The cemented BiMobile Acetabular Cup has a finely matt-finished SatinLink surface, which is also a feature of the SP II stems. Latitudinal and longitudinal groove-like structures reinforce the fixation and allow air to escape when the implant is pressed into the cement bed.
The UHWMPE inlay can be combined with LINK prosthesis heads made of CoCrMo or ceramic with a 22 mm or 28 mm diameter.
The IP Polyethylene Acetabular Cup is a cemented acetabular cup made of UHMWPE. The direct stability of the cup in the cement coating permits rapid postoperative mobilization of the patient. This, in turn, means shorter recovery times and shorter hospitalization for the patient.1
LINK has decades of experience in the use of UHMWPE, and this was particularly valuable in the design of the cemented acetabular cups. The high quality of the polyethylene demonstrably minimizes abrasion suffered by the components, and thereby reduces the risk of osteolysis. Consequently, the incidence of component loosening is very low. 2, 3, 6, 7
In addition to the material properties, the external shape of the acetabular cups helps to prevent loosening.

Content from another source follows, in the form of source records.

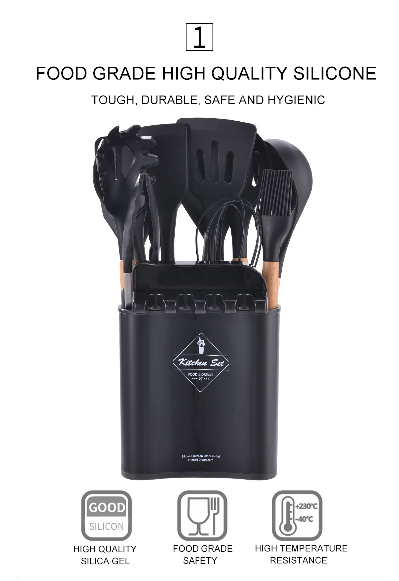 Silicone Kitchen Utensil Set BPA Free Kitchen Cooking Baking Tools Set Kitchen Accessories Gadgets Kitchenware With Container N.
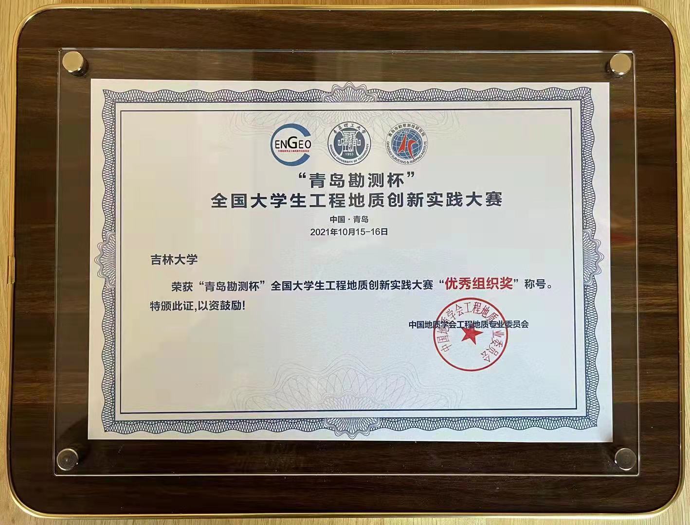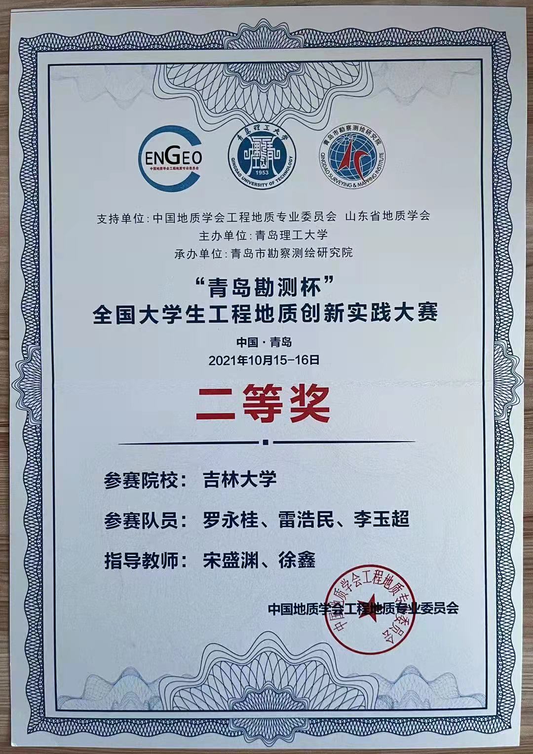On October 15, 2021, the First National Engineering Geology Innovation and Practice Competition for College Students was held in Qingdao. Two teams from the College of Construction Engineering (CCE) got through to the final. Finally, the team consisted of Bai Ji, Li Jincheng and Li Zhihai, jointly mentored by Cao Chen and Chen Hui'e, won the outstanding prize; and the team consisted of Luo Yonggui, Lei Haomin and Li Yuchao, jointly mentored by Song Shengyuan and Xu Xin, won the second prize.
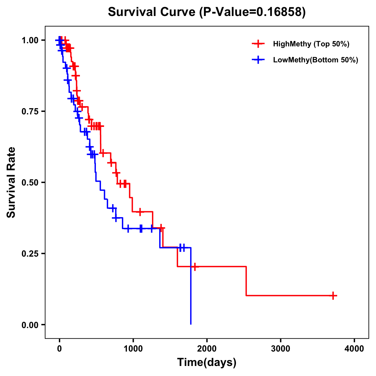 | Survival Curve of Esophagus Cancer of Expression | Survival Curve of Esophagus Cancer of Methylation | ||
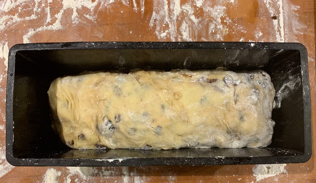 Roll up the dough into a thick sausage, ensuring the filling is sealed inside. Transfer the sausage into your loaf tin.
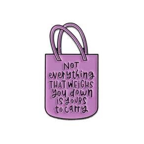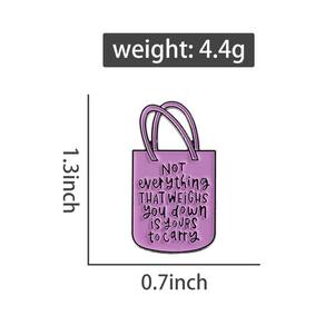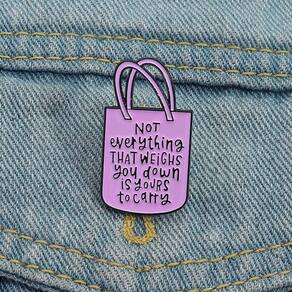 Material: liga Tamanho: 1,9 x 3,4 cm Peso: 4,4 g Quantidade: você receberá toda a quantidade de peças da mesma imagem principal. Design do ShowQuote — Apresenta um formato de sacola rosa com a mensagem empoderadora “Nem tudo que pesa é seu para carregar”, adicionando motivação e positividade à sua roupa. Construção em liga — Feita de liga de alta qualidade com revestimento de esmalte liso, garantindo cores brilhantes, resistência ao desbotamento e desgaste duradouro. E leve — Medindo 1,9 x 3,4 cm e pesando apenas 4,4 g, este broche é portátil, fácil de usar e confortável para uso diário. Acessório — Funciona como alfinete de blusa, alfinete de lapela ou crachá, perfeito para estilizar com jaquetas, camisas, chapéus, mochilas ou outros acessórios de vestuário. Estilo — Projetado para homens e mulheres, este broche significativo é ideal para uso escolar, profissional, casual ou como peça de moda motivacional para mostrar personalidade.
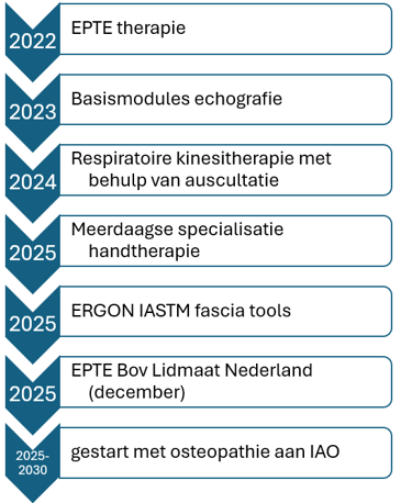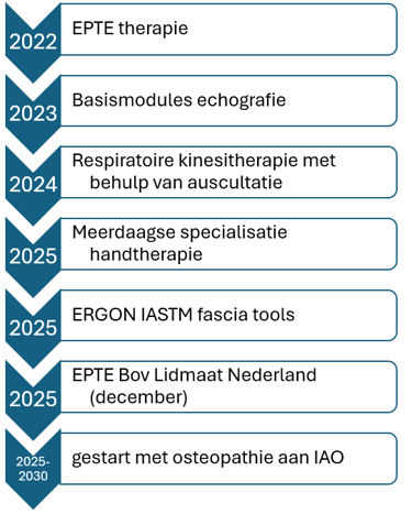 Op de planning: cursus dry needling en manuele therapie zodat ik mijn patiënten nog gerichter en effectiever kan behandelen.
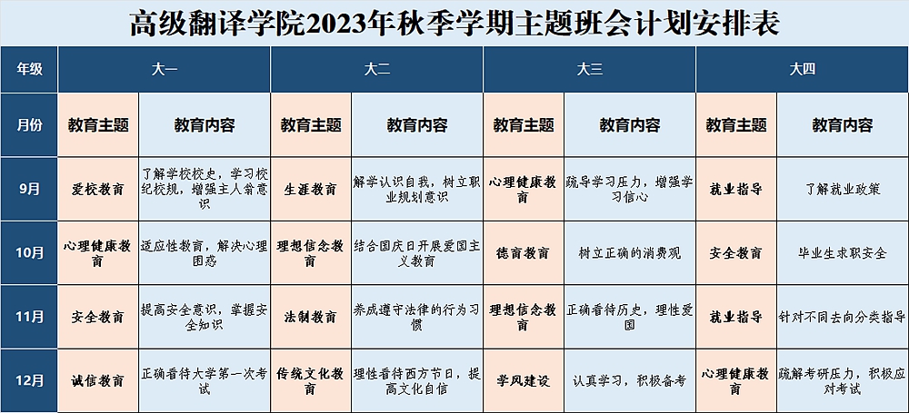 将按照计划要求,结合各年级和不同时间的特点和需要,持续开展好各年级主题班会,教育引导学生适应大学生活、提升综合素质,将思想政治教育、学生日常管理、心理健康教育、职业规划和就业指导等工作做深做实。
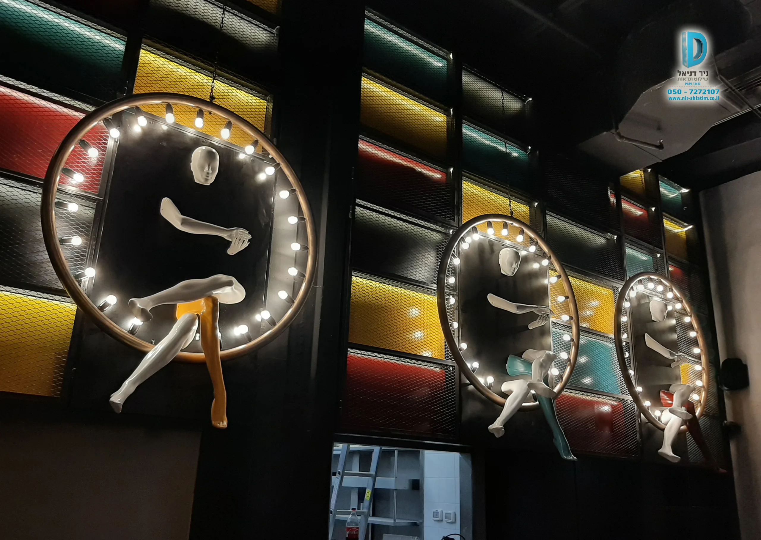 ייצור האלמטים תוך שימוש בחמרים מקוריים כגון בובת ראווה, ערגול מתכות, עץ, פרספקס ועוד...
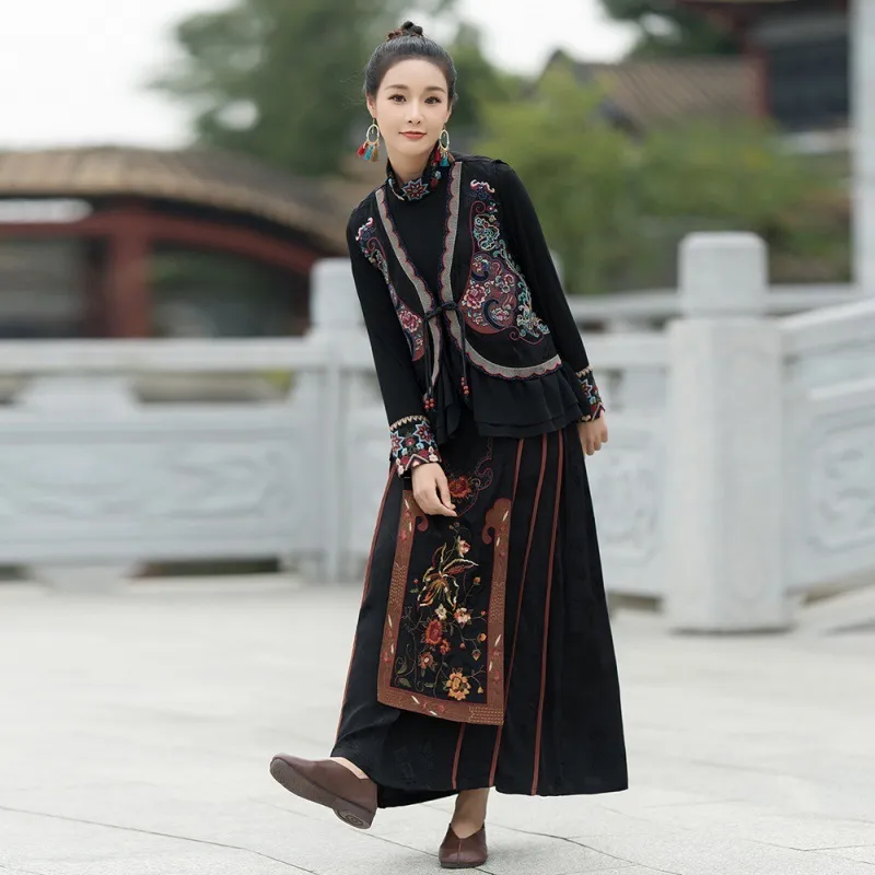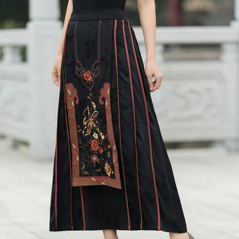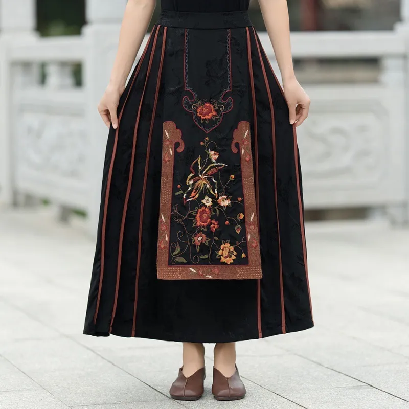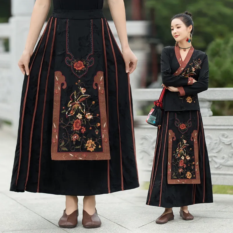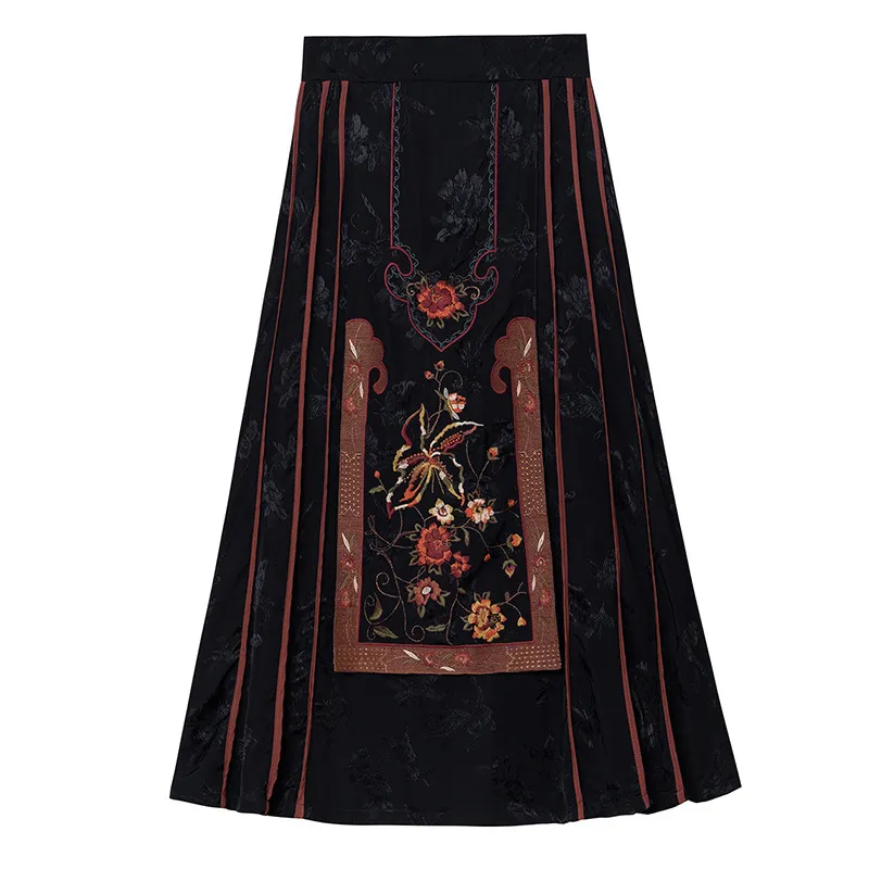 衣都精品- 2023新款民族風重工刺繡緞面提花鬆緊腰馬面裙

Radial notches in the surface create a high degree of cement contact and allow air to escape when the implant is pressed into the cement bed.4 Furthermore, spacers on the rear surface of the acetabular cup permit a uniform cement coating. This surface design increases the stability of the cup in the acetabulum, thereby largely eliminating the risk of loosening.8
Another feature of the cemented polyethylene acetabular cups is the high cup rim, which projects beyond the spherical shape. This gives the patient a wider range of mobility because the neck of the prosthesis strikes the cup rim later5. In combination with the Lubinus SP II Stem, this system offers an outstanding, anatomically adapted cemented hip implant.
The MP Reconstruction System gives the surgeon the intraoperative flexibility and certainty1 that is essential for a successful revision procedure with pronounced bone loss. The system’s unique design has produced outstanding outcomes for decades.2, 3, 4
With just three instrument trays, the MP System enables a simple and fast surgery and a smooth process in five steps. The modular system gives the surgeon a high degree of flexibility in terms of adapting leg length, offset, and anteversion, independently of the distal cementless anchoring of the stem. This permits a quick and uncomplicated intraoperative response to the individual anatomy and defect.5
The stems in all six lengths have a 3° angulation, which facilitates following the anatomical curvature of the femur. The 2° tapered stem with peripheral longitudinal ribs gives outstanding stability in the femur, even with large proximal defects.2
The PowerLock toothed connection allows the stem length to be adjusted intraoperatively by means of spacers in 10 mm increments up to 30 mm for revision arthroplasties. The absence of a taper connection means that the stem length and also the anteversion and offset can be adjusted retrospectively without endangering the distal fixation of the stem.